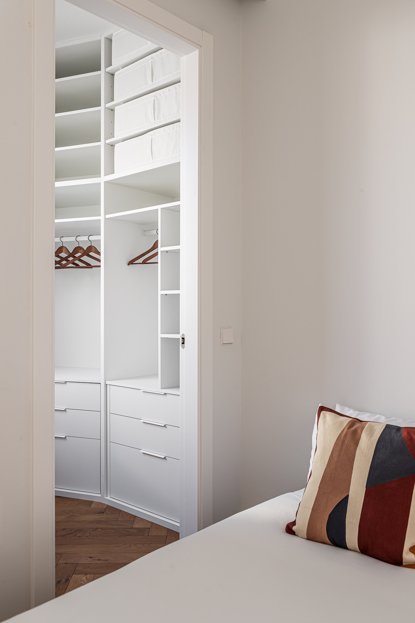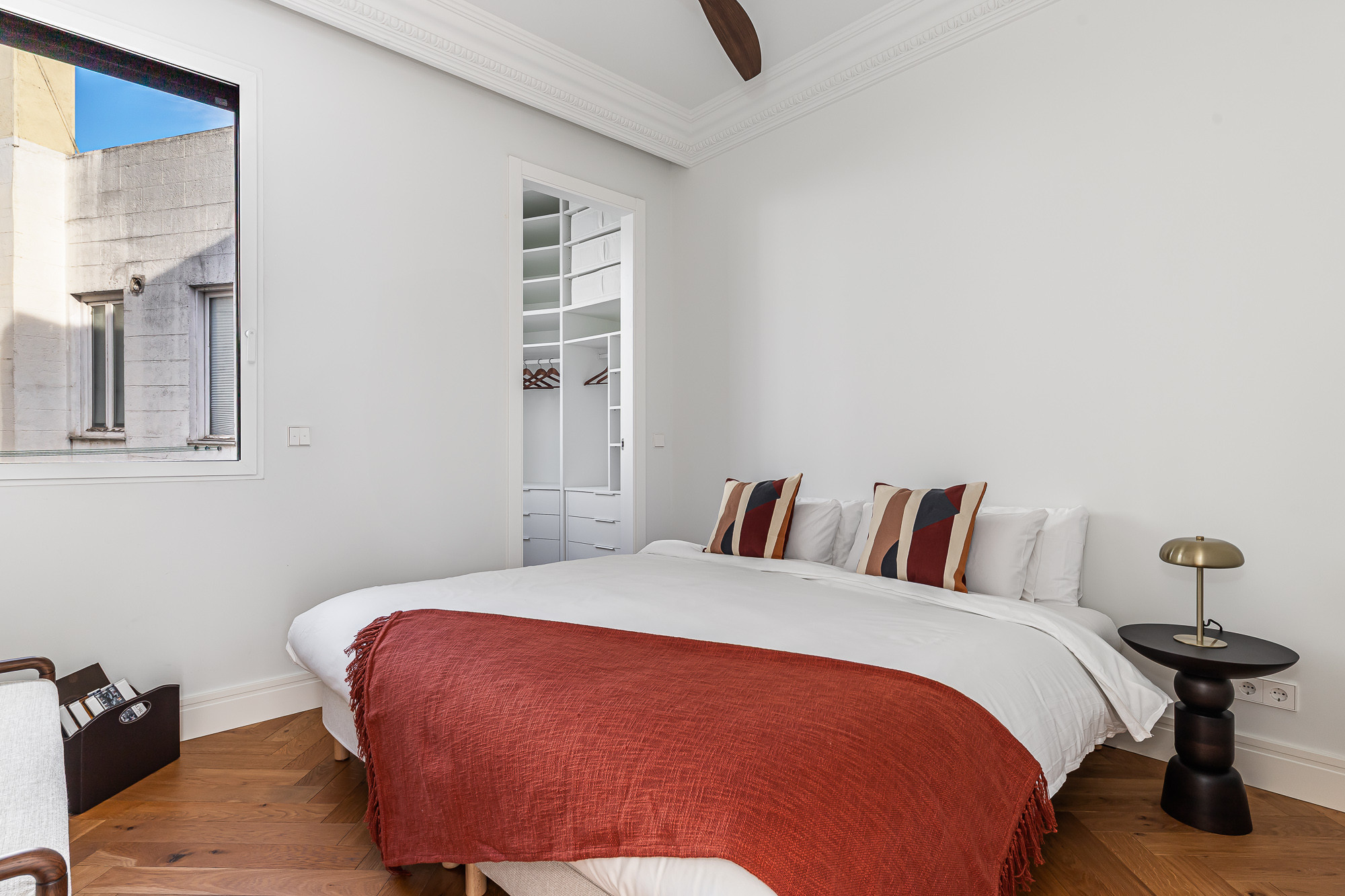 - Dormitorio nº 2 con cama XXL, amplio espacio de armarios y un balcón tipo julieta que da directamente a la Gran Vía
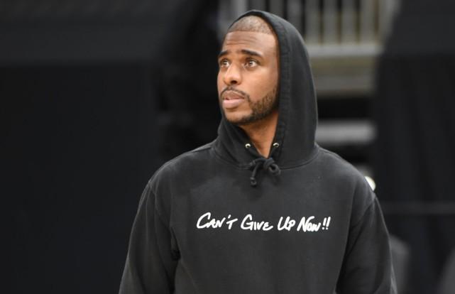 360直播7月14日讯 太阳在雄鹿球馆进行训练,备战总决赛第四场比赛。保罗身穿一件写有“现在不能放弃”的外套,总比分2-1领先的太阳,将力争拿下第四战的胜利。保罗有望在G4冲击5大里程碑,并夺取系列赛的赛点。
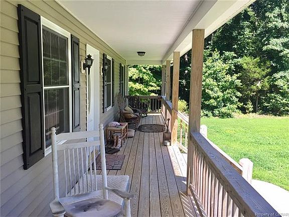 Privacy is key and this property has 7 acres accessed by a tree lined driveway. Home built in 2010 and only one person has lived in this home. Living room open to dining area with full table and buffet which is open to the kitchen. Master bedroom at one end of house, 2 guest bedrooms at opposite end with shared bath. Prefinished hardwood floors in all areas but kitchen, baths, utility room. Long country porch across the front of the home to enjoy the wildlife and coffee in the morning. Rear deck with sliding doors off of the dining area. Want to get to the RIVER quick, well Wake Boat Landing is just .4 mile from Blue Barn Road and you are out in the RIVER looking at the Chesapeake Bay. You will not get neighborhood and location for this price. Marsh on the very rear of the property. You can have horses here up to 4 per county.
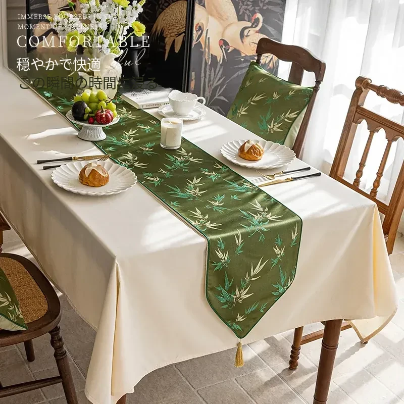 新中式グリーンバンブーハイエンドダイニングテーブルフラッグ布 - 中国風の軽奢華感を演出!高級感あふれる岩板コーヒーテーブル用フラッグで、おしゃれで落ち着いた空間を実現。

--------------------

Please give again, word for word, the lines from the one containing "360直播7月14日讯 太阳" through the last line of the listing above, inclusive, and leave out pictures.

 360直播7月14日讯 太阳在雄鹿球馆进行训练,备战总决赛第四场比赛。保罗身穿一件写有“现在不能放弃”的外套,总比分2-1领先的太阳,将力争拿下第四战的胜利。保罗有望在G4冲击5大里程碑,并夺取系列赛的赛点。
 Privacy is key and this property has 7 acres accessed by a tree lined driveway. Home built in 2010 and only one person has lived in this home. Living room open to dining area with full table and buffet which is open to the kitchen. Master bedroom at one end of house, 2 guest bedrooms at opposite end with shared bath. Prefinished hardwood floors in all areas but kitchen, baths, utility room. Long country porch across the front of the home to enjoy the wildlife and coffee in the morning. Rear deck with sliding doors off of the dining area. Want to get to the RIVER quick, well Wake Boat Landing is just .4 mile from Blue Barn Road and you are out in the RIVER looking at the Chesapeake Bay. You will not get neighborhood and location for this price. Marsh on the very rear of the property. You can have horses here up to 4 per county.
 新中式グリーンバンブーハイエンドダイニングテーブルフラッグ布 - 中国風の軽奢華感を演出!高級感あふれる岩板コーヒーテーブル用フラッグで、おしゃれで落ち着いた空間を実現。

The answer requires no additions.